18 leçons sur la politique économique

Dossier : Arts, Lettres et SciencesMagazine N°586 Juin/Juillet 2003Par : Jean-Claude PRAGER (64) et François VILLEROY De GALHAU (78)Rédacteur : Michel DIDIER (60)

Deux de nos cama­rades pra­ti­ciens de la vie éco­no­mique, ensei­gnants et hommes de convic­tions, se sont livrés à un tra­vail de pesée de l’économie euro­péenne, de ses atouts et de ses retards face aux États-Unis, ain­si qu’à un exa­men atten­tif des pos­si­bi­li­tés de réac­tions des diri­geants pour une poli­tique plus active pour l’Europe. Dans un livre de plus de 500 pages, dense mais d’accès aisé pour tous, ils nous conduisent dans le monde mal connu de la poli­tique éco­no­mique et pro­posent une explo­ra­tion des marges de manœuvre réelles du politique.

Leurs conclu­sions sont claires : mal­gré tout ce que l’on peut dire et lire sur l’économie, le poli­tique n’est pas près de perdre son rôle majeur. Mais si la poli­tique éco­no­mique veut res­ter effi­cace dans ce monde qui a tota­le­ment chan­gé depuis Keynes, elle doit recon­si­dé­rer ses méthodes d’intervention. Il faut aban­don­ner l’espoir d’un pilo­tage qua­si méca­nique et don­ner la prio­ri­té à l’idée de régu­la­tion d’un sys­tème com­plexe, incer­tain et non tota­le­ment maî­tri­sable. Il faut s’adapter aux muta­tions pro­fondes qui ont mar­qué les vingt der­nières années : inter­dé­pen­dance mon­diale, déve­lop­pe­ment (donc insta­bi­li­té) des mar­chés, rythme rapide d’innovations.
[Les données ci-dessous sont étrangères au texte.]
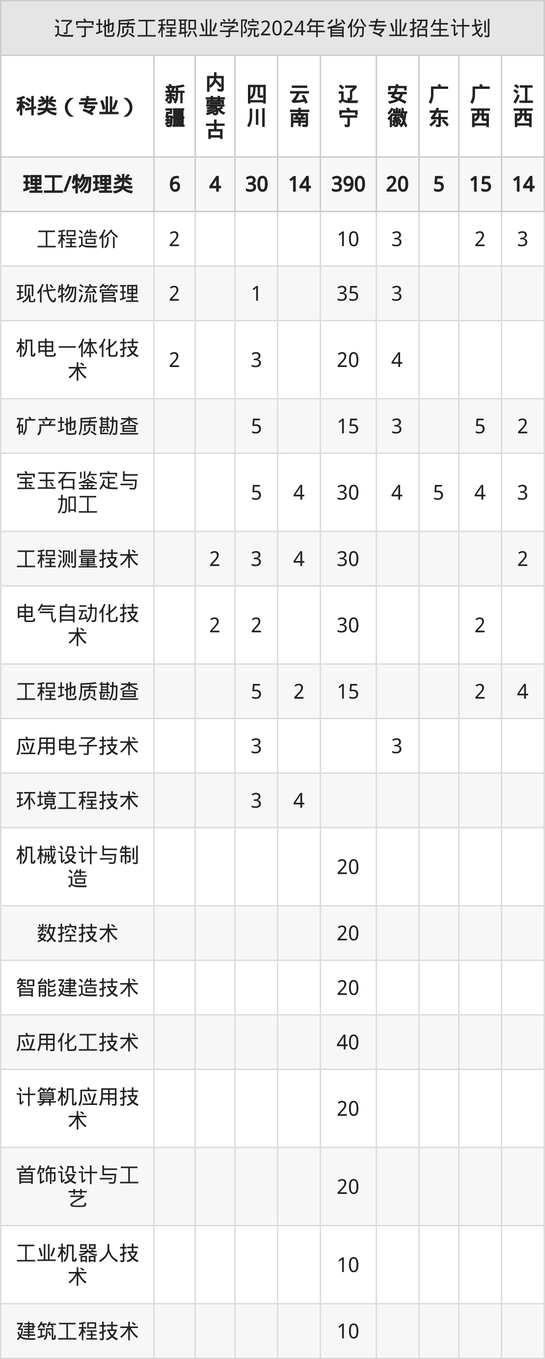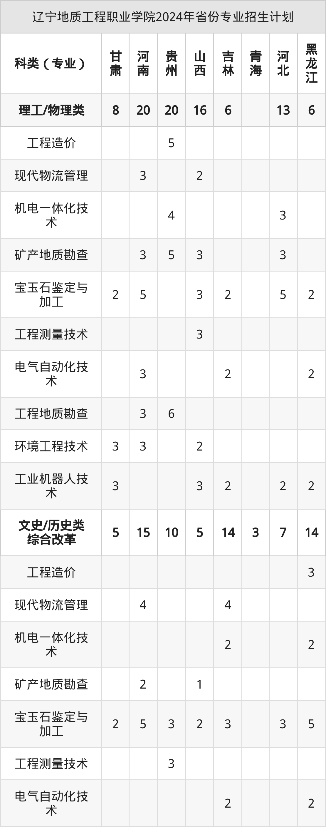 2025年辽宁地质工程职业学院专科招生计划待公布,下面附上2024年数据,暂供参考:

La régu­la­tion éco­no­mique est la ges­tion des incer­ti­tudes, dans un monde de plu­ra­li­té d’acteurs et de leviers d’intervention. La matière pre­mière du poli­tique est l’information et son influence par le jeu des anti­ci­pa­tions des consom­ma­teurs et des inves­tis­seurs. Il faut accep­ter de renon­cer aux “cer­ti­tudes heu­reuses de l’ingénieur” pour appli­quer une sorte de “ prin­cipe de pré­cau­tion éco­no­mique”, qui consiste à concen­trer l’effort du poli­tique là où le besoin est mani­feste et l’utilité de l’action évi­dente. Il faut savoir accep­ter d’en faire moins, voire rien du tout, là où on pense que les effets sont mineurs, ou peuvent même être contre-pro­duc­tifs à terme par les réac­tions qu’elles sont sus­cep­tibles de provoquer.

Le véri­table hori­zon de la poli­tique publique est le long terme, sa prio­ri­té est de rendre les struc­tures éco­no­miques plus effi­caces. “Dans un monde si gra­ve­ment court ter­miste, les États ont comme pre­mier devoir d’être les gar­diens du long terme ” écrivent les auteurs.

Aux pre­miers rangs des pré­oc­cu­pa­tions des pou­voirs publics figurent l’amélioration du fonc­tion­ne­ment du mar­ché de l’emploi, la néces­saire réforme de l’État, de la san­té et des retraites, le niveau des pré­lè­ve­ments obli­ga­toires et la com­pé­ti­ti­vi­té des entreprises.

Tout cela est trai­té abon­dam­ment, sérieu­se­ment mais de façon acces­sible dans l’ouvrage de nos deux cama­rades, dont la lec­ture est vive­ment recom­man­dée à tous ceux qui s’intéressent à notre ave­nir éco­no­mique et d’abord bien sûr à ceux qui nous dirigent.